Firstly we need the human reference genome that can be downloaded from
ftp://ftp-trace.ncbi.nih.gov/1000genomes/ftp/technical/reference/human_g1k_v37.fasta.gz
and unzipped. Then I used the bwa tool to index it:
bwa index reference_genome/human_g1k_v37.fasta
The indexing process took Real time: 6729.003 sec; CPU: 6723.132 sec
Let's see the process for one sample. I am going to take the first line of the final_selected.csv
and download the relevant files. The commands are:
head -1 final_selected.csv \
   | awk -F, -v OFS="" 'BEGIN {server = "ftp://ftp.1000genomes.ebi.ac.uk/vol1/ftp/"}
      {
       print "wget ", server, $3, " -O- | gunzip >", $1, "_1.fastq";
       print "wget ", server, $5, " -O- | gunzip >", $1, "_2.fastq";
      }'
## wget ftp://ftp.1000genomes.ebi.ac.uk/vol1/ftp/data/NA18498/sequence_read/SRR003040_1.filt.fastq.gz -O- | gunzip >SRR003040_1.fastq
## wget ftp://ftp.1000genomes.ebi.ac.uk/vol1/ftp/data/NA18498/sequence_read/SRR003040_2.filt.fastq.gz -O- | gunzip >SRR003040_2.fastq

(Normally we should check the MD5 checksum but anyway...)
Then each of the files need to be aligned with the ref. genome as follows:
bwa aln -t 8 -q 15 -f SRR003040_1.sai reference_genome/human_g1k_v37.fasta SRR003040_1.fastq
bwa aln -t 8 -q 15 -f SRR003040_2.sai reference_genome/human_g1k_v37.fasta SRR003040_2.fastq
(The -t <num> option provides the number of threads to use, see the
manual)
In a typical run the (each of the) above command took Real time: 543.554 sec;
CPU: 3659.933 sec
Then we build a SAM file combining the "_1" and "_2" aligned pairs:
bwa sampe -f SRR003040.sam reference_genome/human_g1k_v37.fasta SRR003040_*.sai SRR003040_*.fastq
(Note: what about the "max insert size" (option -a <num>)? this "should be
taken to be 3 times the expected insert size" but what's the expected size??
In any case if not given bwa uses the default 500 and "this option is only
used when there are not enough good alignment to infer the distribution of
insert sizes.")
When I run it bwa reported "Real time: 2764.259 sec; CPU: 2762.281 sec"
The final step is to construct the BAM file from SAM, sort, fix mate information and add the MD tag.
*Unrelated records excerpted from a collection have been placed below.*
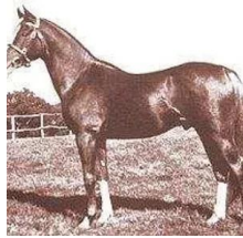
RISSALIX 1934 Chestnut
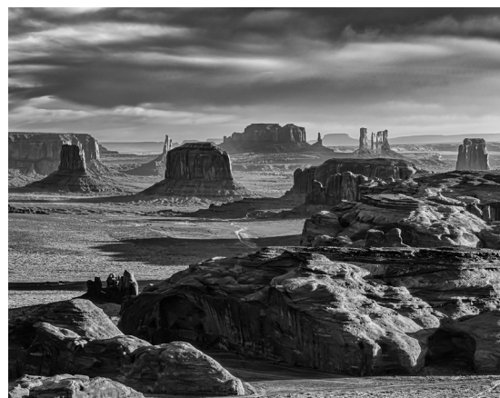
Monument Valley at Sunrise
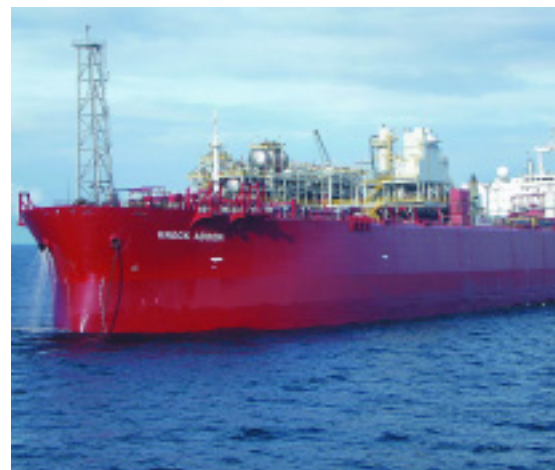
Lamnalco's vessels will provide help to tankers including the FPSO Knock Adoon (seen above) on the Antan field

Addax has turned into one of the leading independent oil companies in Nigeria through successful exploitation and technologically-led development of marginal fields. The company recently acquired the assets of Pan-Ocean in Gabon and now produces in excess of 100,000 barrels of oil per day. In addition, Addax has entered into more joint ventures in Nigeria to increase its oil and gas portfolio in the country, has commenced drilling in Northern Iraq with considerable success and will soon commence its first drilling programmes in Cameroon, and the ultra-deepwater Nigeria/Sao Tome Joint Development Zone, making it one of the first companies to commence exploration in this highly
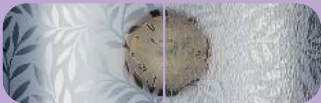
Pilkington Oriel Laurel ™
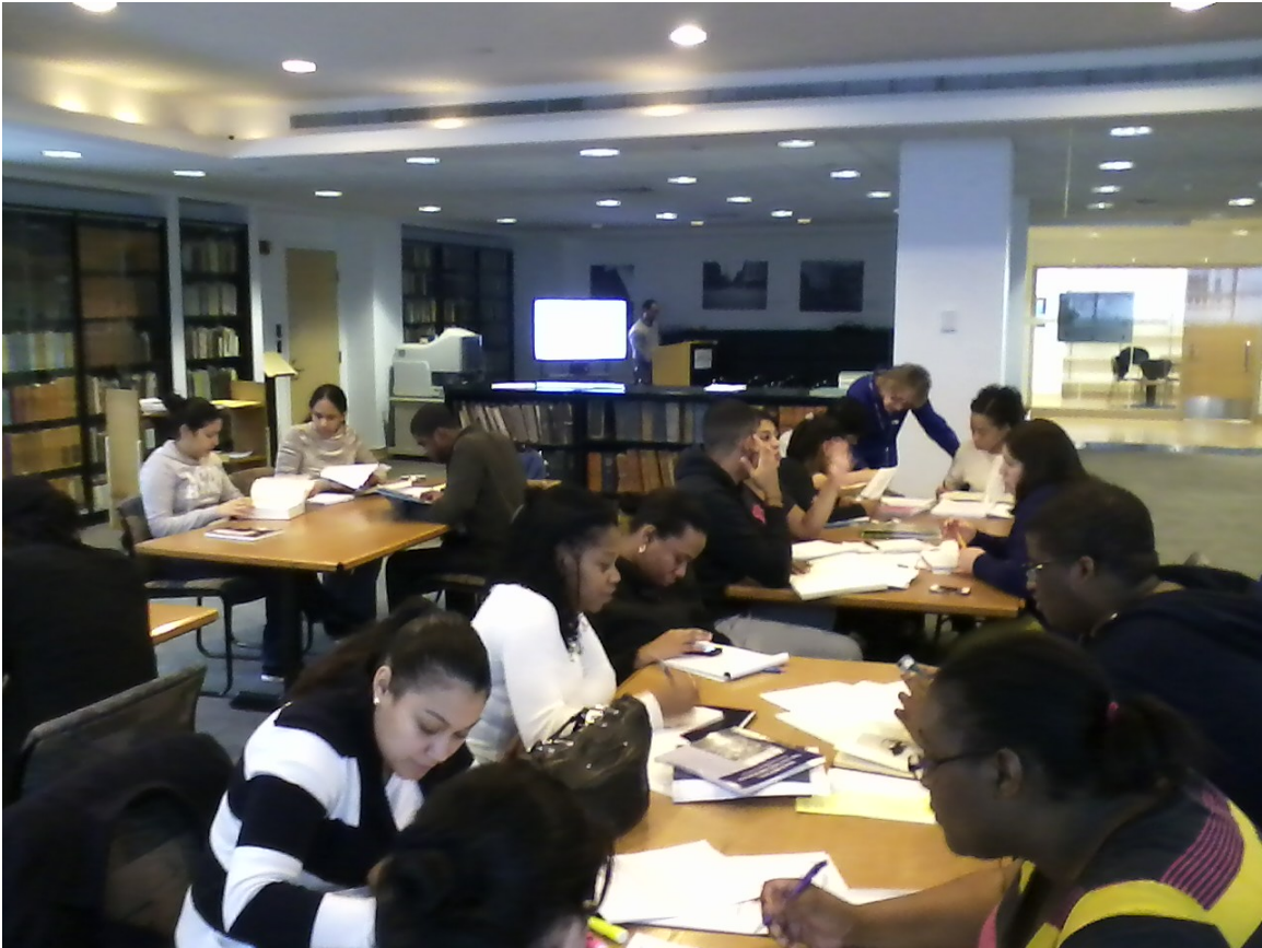
Capital Community College students conducting research in the Hartford History Center, Spring 2013

learning, and encourage individual exploration. To learn more about the library, please see www.hplct.org .
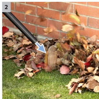
2 Practical blower function
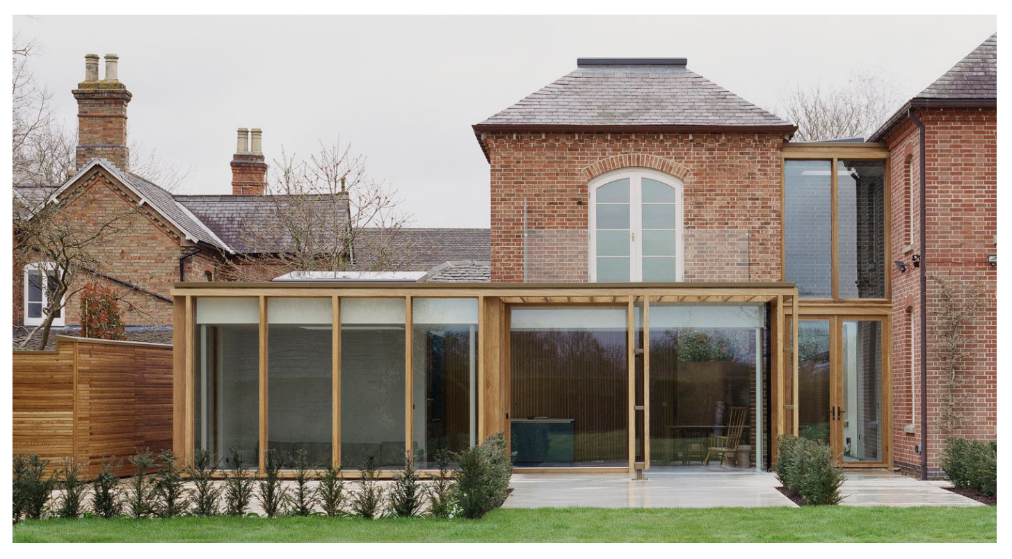
Historic brick with modern timber framework
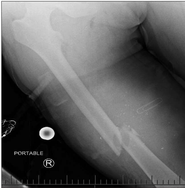
Fig. 1. Preoperative radiograph showing a comminuted fracture of the right femur and shrapnel from the ballistic injury. The medial aperture is marked with a metallic paper clip.

medial longitudinal approach was used, centred by the medial aperture wound and a very large hematoma was discovered and evacuated. Soft tissue injury of the underlying
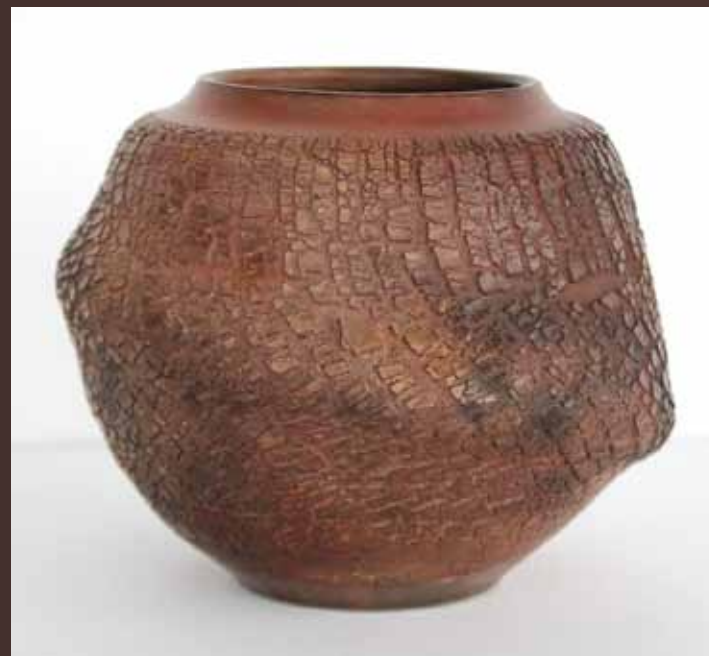
Small Vase, Crackle Surface Smoke Fired, 10.3 × 12.2 cm, ceramic
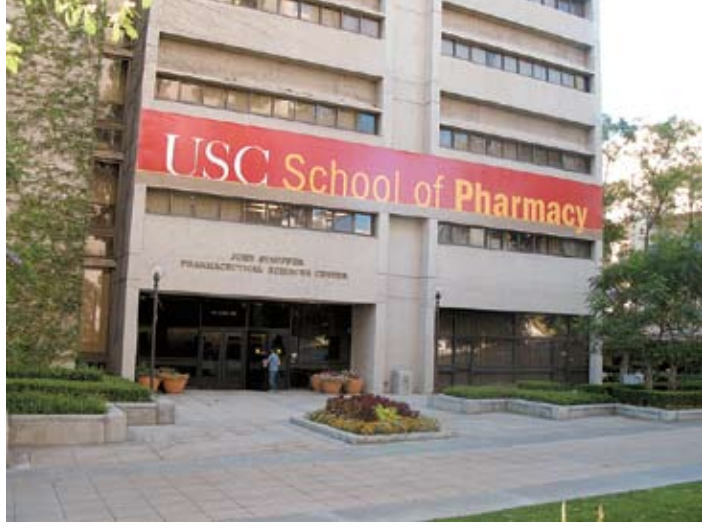
Health Sciences Campus is home to the USC School of Pharmacy
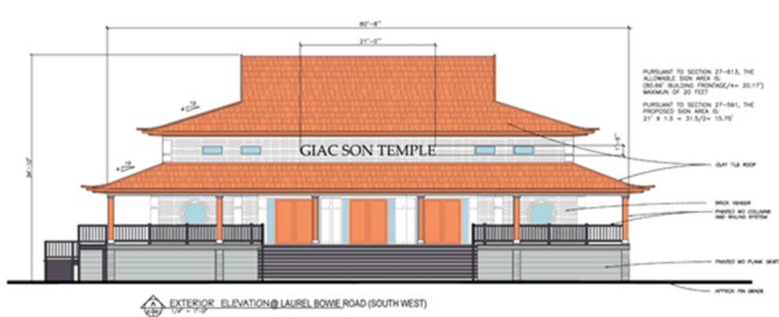
Figure 1: Architecture Elevations

Staff find the proposed architecture to be sufficient, subject to conditions. These include revising the height of the proposed building labeled as Site Note 25 on the DSP coversheet to match the height provided on the architectural elevations; providing dimensions of the proposed building entrances; providing floor plans of the proposed place of worship; providing the material and colored elevations of the Buddha statue and courtyard; and labeling the elevation facing Snowden Road as a side elevation on the architectural elevations and Site Note 26 on the DSP coversheet.
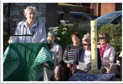
Wilton Justice Group, Co Cork
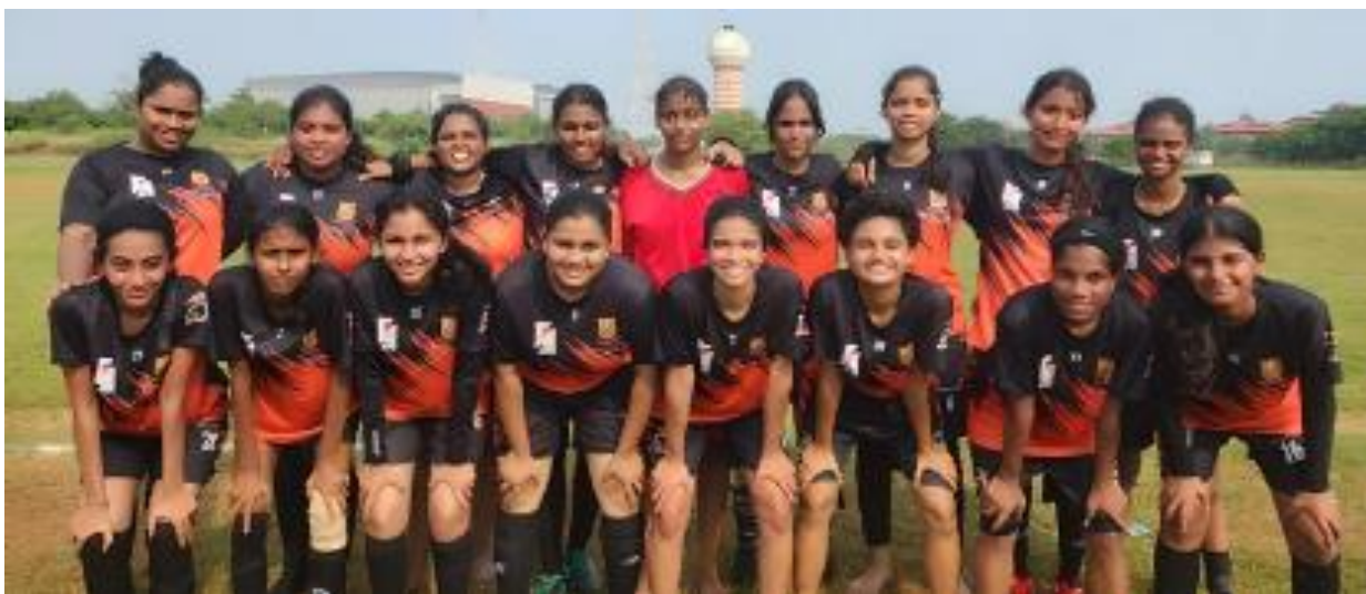
Figure 14 : Students of the department as the members of the college's women football team
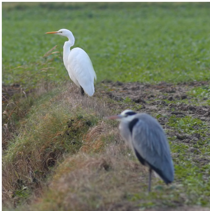
Great White Egret at West Hythe

A flock of 30 Waxwings were found in Hythe on the 1 st and these increased to 39 on the 3 rd , 51 on the 5 th and peaked at an impressive 87 on the 13 th . The birds generally favoured the Prospect Road area and delighted many observers however, with the berry supply diminished, a rapid decrease occurred mid-month though at least 11 were present to the month's end.
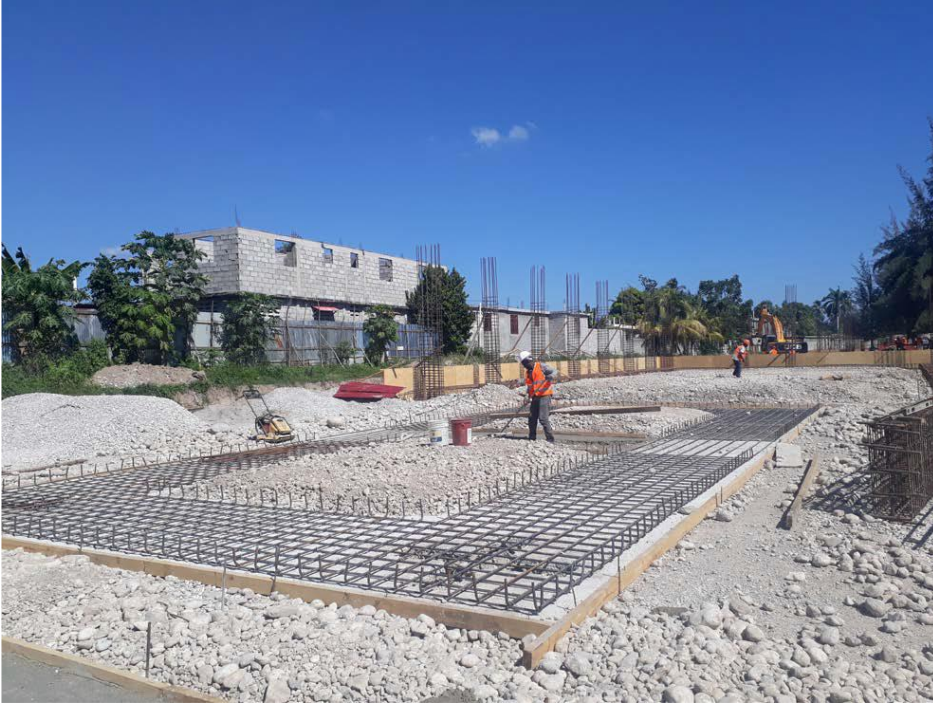
Finished reinforcement awaiting the pouring of concrete
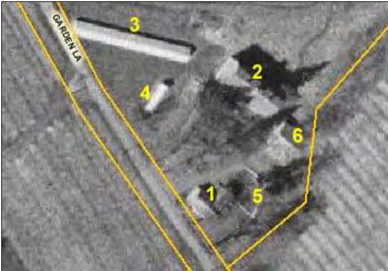
Site plan. Numbers are keyed to list of historic components listed below.
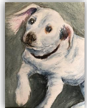
"Lucy" (pet portrait)
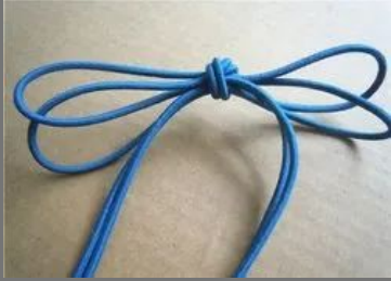
Braided Cord Elastic
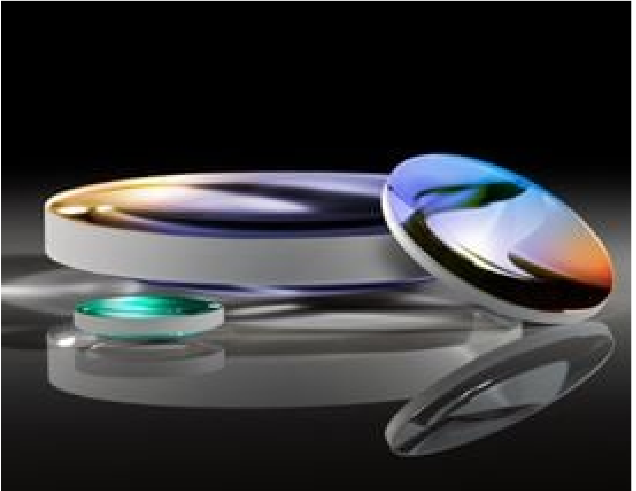
YAG-BBAR Coated Plano-Convex (PCX) Lenses
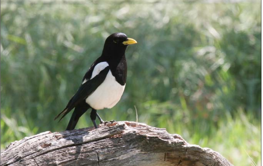
Researchers with Audubon California have determined that the Yellow-billed Magpie could lose as much as 75 percent of its range in the next 100 years due to climate change, possibly driving it to extinction.
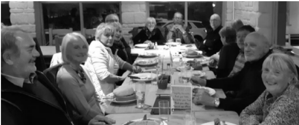
Mabe and Primelin's Twinning Association members enjoyed an evening at Country Skittles

The trip had been timed to coincide with Flora Day, which our friends had wished to visit for a long time. The weather was unseasonably cold and windy,
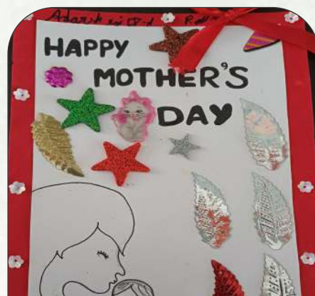
ADARSH RAJ (IV-J)

This
is done using SAMtools as follows:
samtools view -bSu SRR003040.sam \
	| samtools sort -n -o - samtools_nsort_tmp  \
	| samtools fixmate /dev/stdin /dev/stdout  \
	| samtools sort -o - samtools_csort_tmp  \
	|samtools fillmd -u - reference_genome/human_g1k_v37.fasta > SRR003040.bam
These are the files produced for a single sample:
ls -lh SRR003040*
## -rw-rw-r-- 1 ssfak ssfak 1.3G Jul  3 13:26 SRR003040_1.fastq
## -rw-rw-r-- 1 ssfak ssfak 374M Jul  3 14:39 SRR003040_1.sai
## -rw-rw-r-- 1 ssfak ssfak 1.3G Jul  3 13:27 SRR003040_2.fastq
## -rw-rw-r-- 1 ssfak ssfak 297M Jul  3 14:51 SRR003040_2.sai
## -rw-rw-r-- 1 ssfak ssfak 2.9G Jul  3 16:06 SRR003040.bam
## -rw-rw-r-- 1 ssfak ssfak 3.5G Jul  3 15:43 SRR003040.sam

More information and links


bowtie2 is an
alternative alignment tool that seems to be faster than bwa


A report with benchmarking results (including a 1000genomes "workload") is at
http://www.exascience.com/wp-content/uploads/2013/12/Herzeel-BWAReport.pdf It
has some interesting information on the parallelization of bwa.